Saved entries
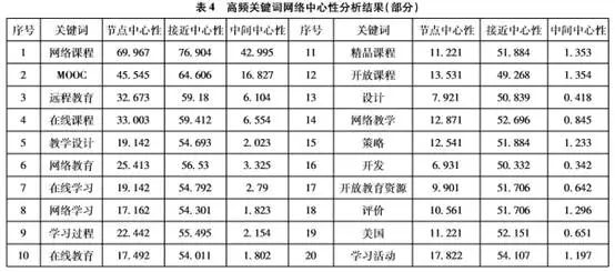 为更加准确、科学地从高频关键词中分析出我国网络课程的研究趋势,通过对多种方法进行比较分析后,最终选择了网络中心性分析技术。中心性的节点中心性、中间中心性、接近中心性能很好地反映社会网络中的结点和网络的整体特征,不但可以发现某一领域的研究热点,还可以识别未来的发展趋势。在某个研究领域中,节点中心性较高的度通常代表着当前的研究热点,节点中心性和接近中心性两项指标较低,而中间中心性较高的节点代表着新的发展趋势[13]。因此,本研究先通过BICOMB2软件将阈值在[3,384]范围内的关键词生成共现矩阵,然后将该矩阵导入Ucinet6软件进行网络中心性分析,分析结果如表4所示。
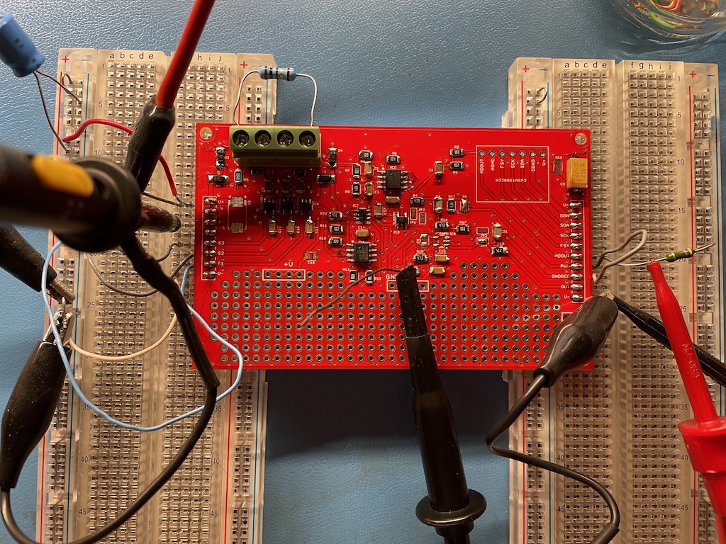 Allora, ho montato il circuito. Non proprio tutto, perché mi sono accorto di aver ordinato il MCP6001U che ha una piedinatura diversa dall'MCP6001, quindi l'ultimo blocco del circuito non può funzionare
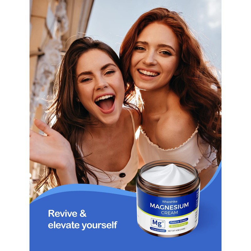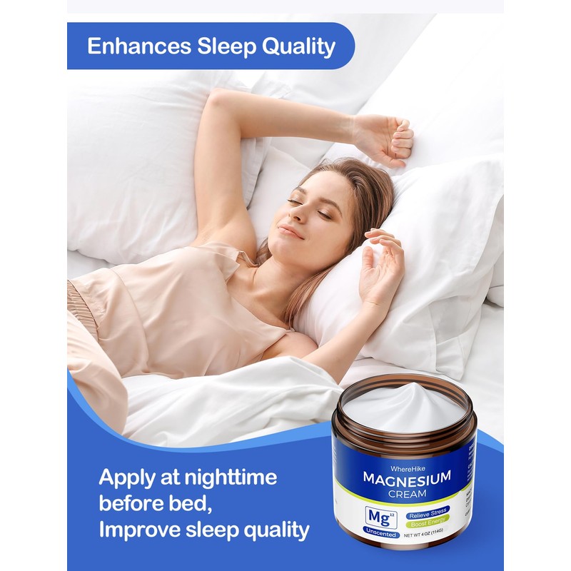 WhereHike Natural Topical Magnesium Cream for Sleep,Nighttime Magnesium Lotion for Pain and Leg Cramps,Muscle Relaxation,Calm,Deep Hydration for Skin Care.(Unscented)
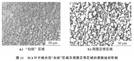 某批次TC6叶片在抛光后发现“白斑”形貌(见图10)。对“白斑”区域和周围正常区域进行金相检验,结果如图11所示。由图11可知,“白斑”区域和周围正常区域均为等轴组织。
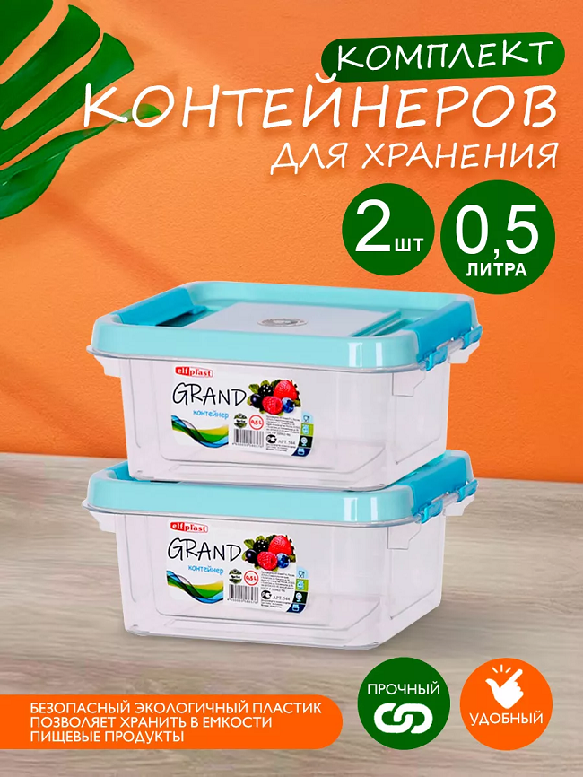 Контейнер elfplast "Grand" для хранения пластиковый с крышкой 0,5 л 2 шт, (прозрачный) 544
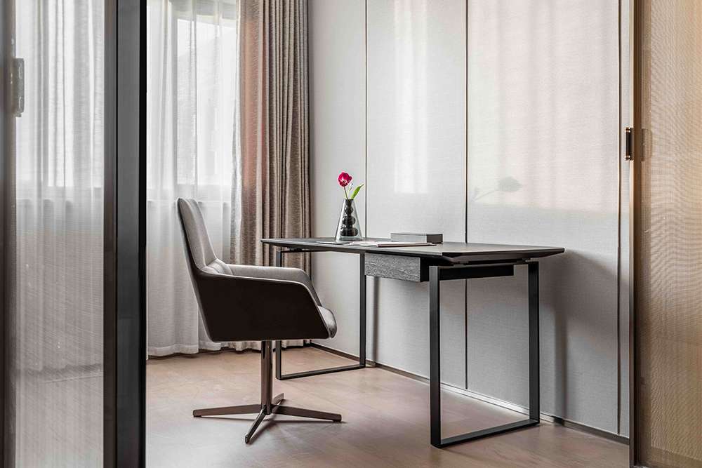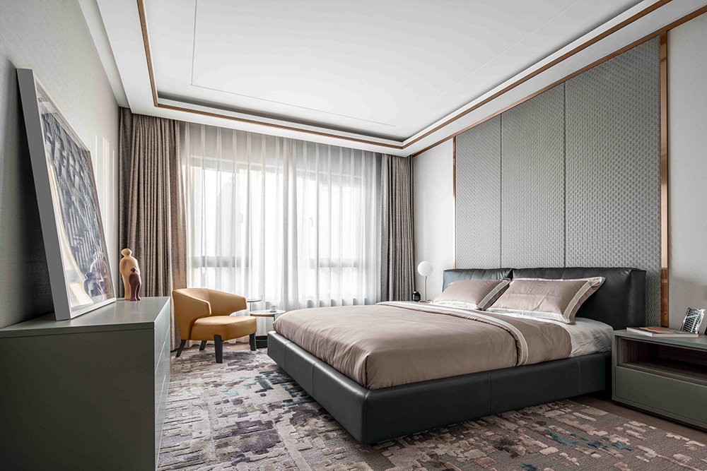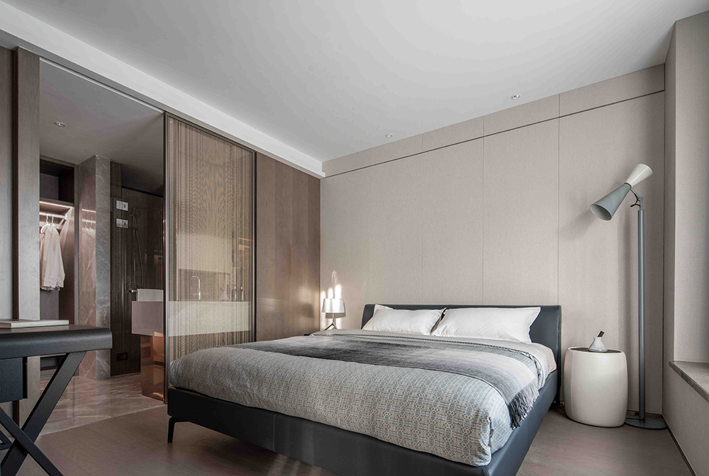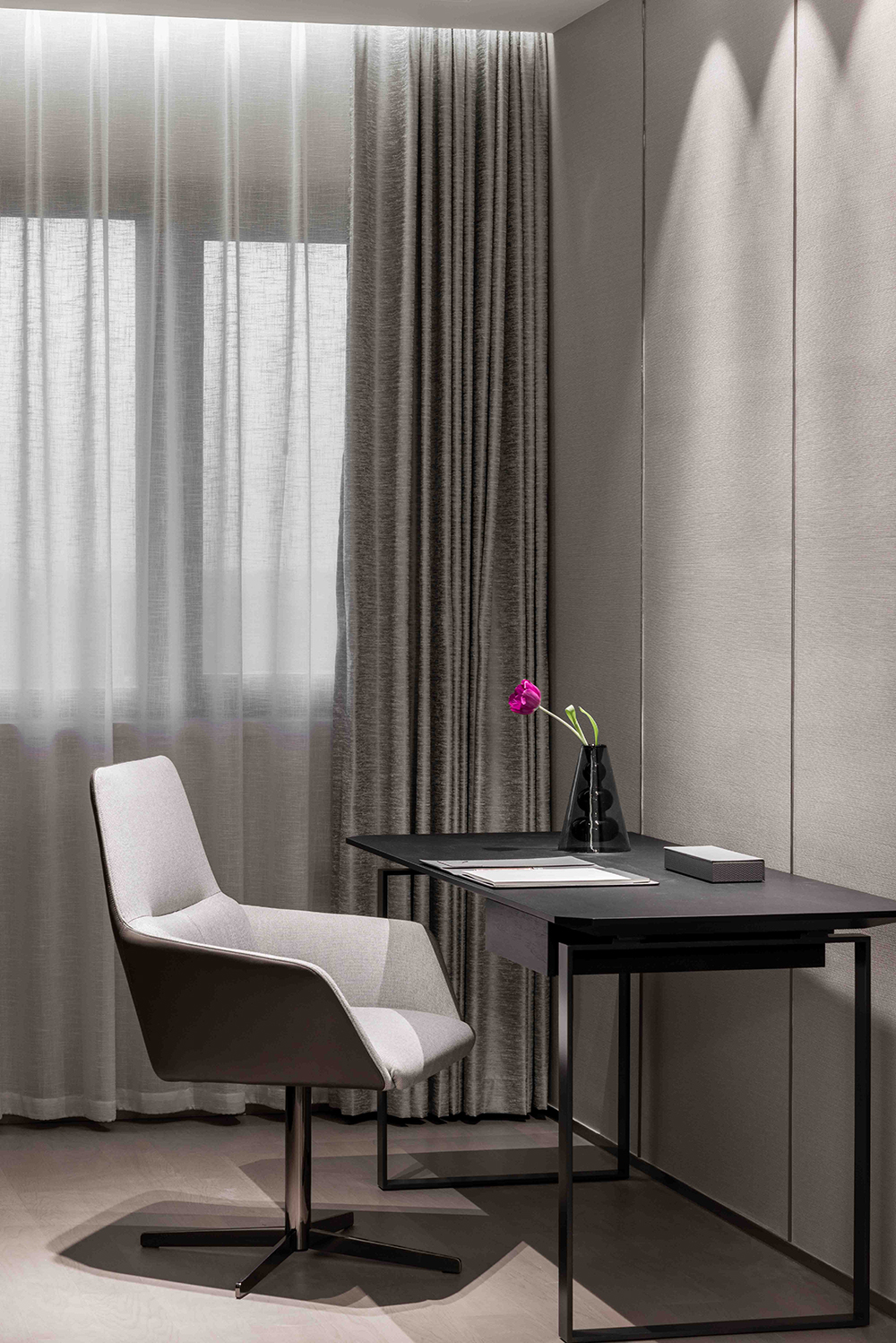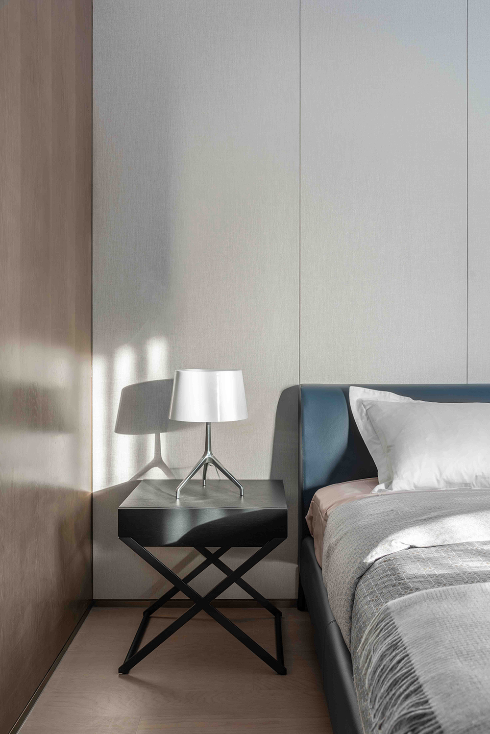 灰色织物的软包设计,让整个空间静谧而安宁。
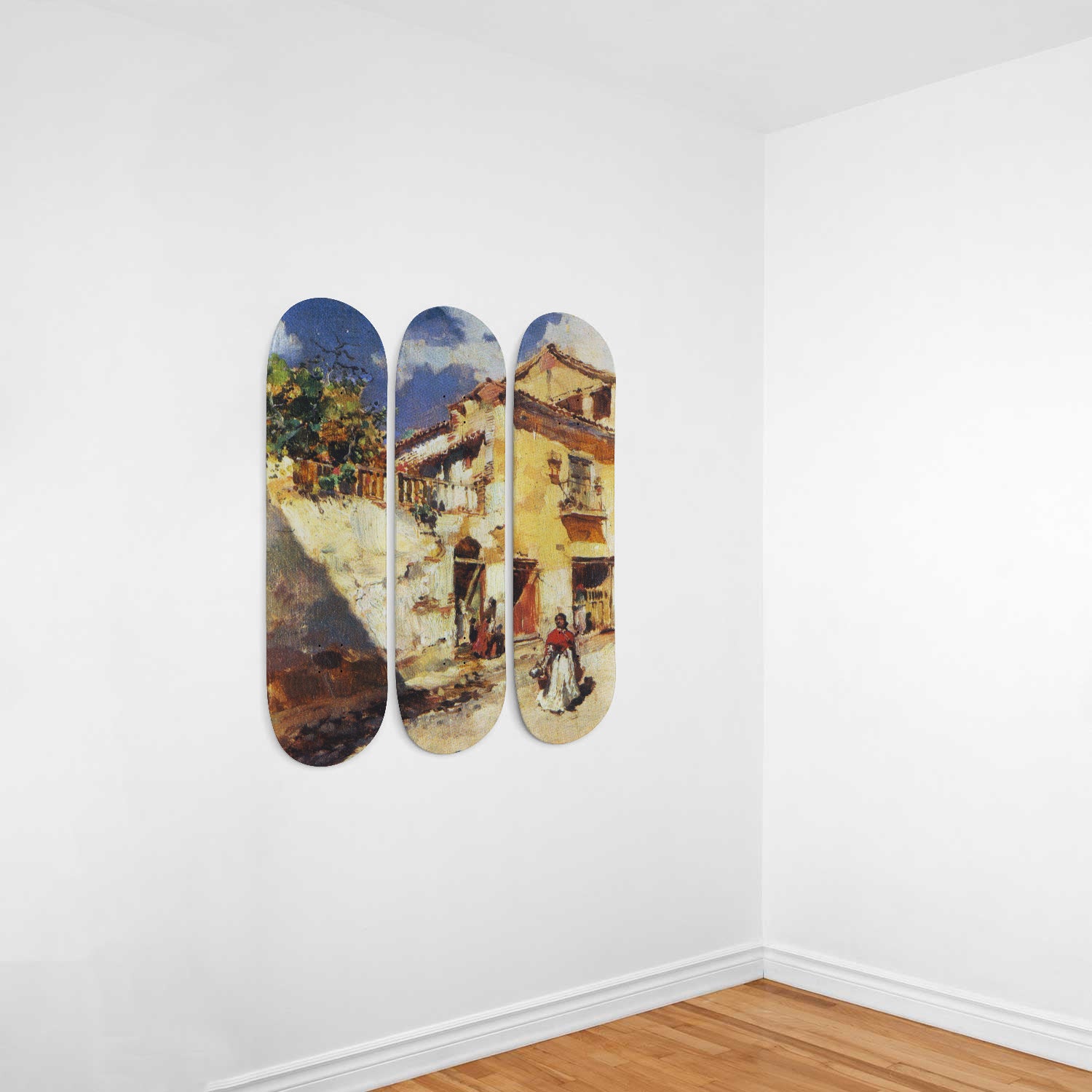 This set of 3 high-quality 7-ply 100% maple skateboards are the perfect statement piece for any home or office. Custom printed graphics, one-of-a-kind art piece.

## Task directions:
Above are the records. Copy word for word only their lines from the one holding "Allora, ho montato" through the one holding "灰色织物的软包设计,让整个空间静谧而安宁。", both included, and skip the images.

## Solution to this problem:
 Allora, ho montato il circuito. Non proprio tutto, perché mi sono accorto di aver ordinato il MCP6001U che ha una piedinatura diversa dall'MCP6001, quindi l'ultimo blocco del circuito non può funzionare
 WhereHike Natural Topical Magnesium Cream for Sleep,Nighttime Magnesium Lotion for Pain and Leg Cramps,Muscle Relaxation,Calm,Deep Hydration for Skin Care.(Unscented)
 某批次TC6叶片在抛光后发现“白斑”形貌(见图10)。对“白斑”区域和周围正常区域进行金相检验,结果如图11所示。由图11可知,“白斑”区域和周围正常区域均为等轴组织。
 Контейнер elfplast "Grand" для хранения пластиковый с крышкой 0,5 л 2 шт, (прозрачный) 544
 灰色织物的软包设计,让整个空间静谧而安宁。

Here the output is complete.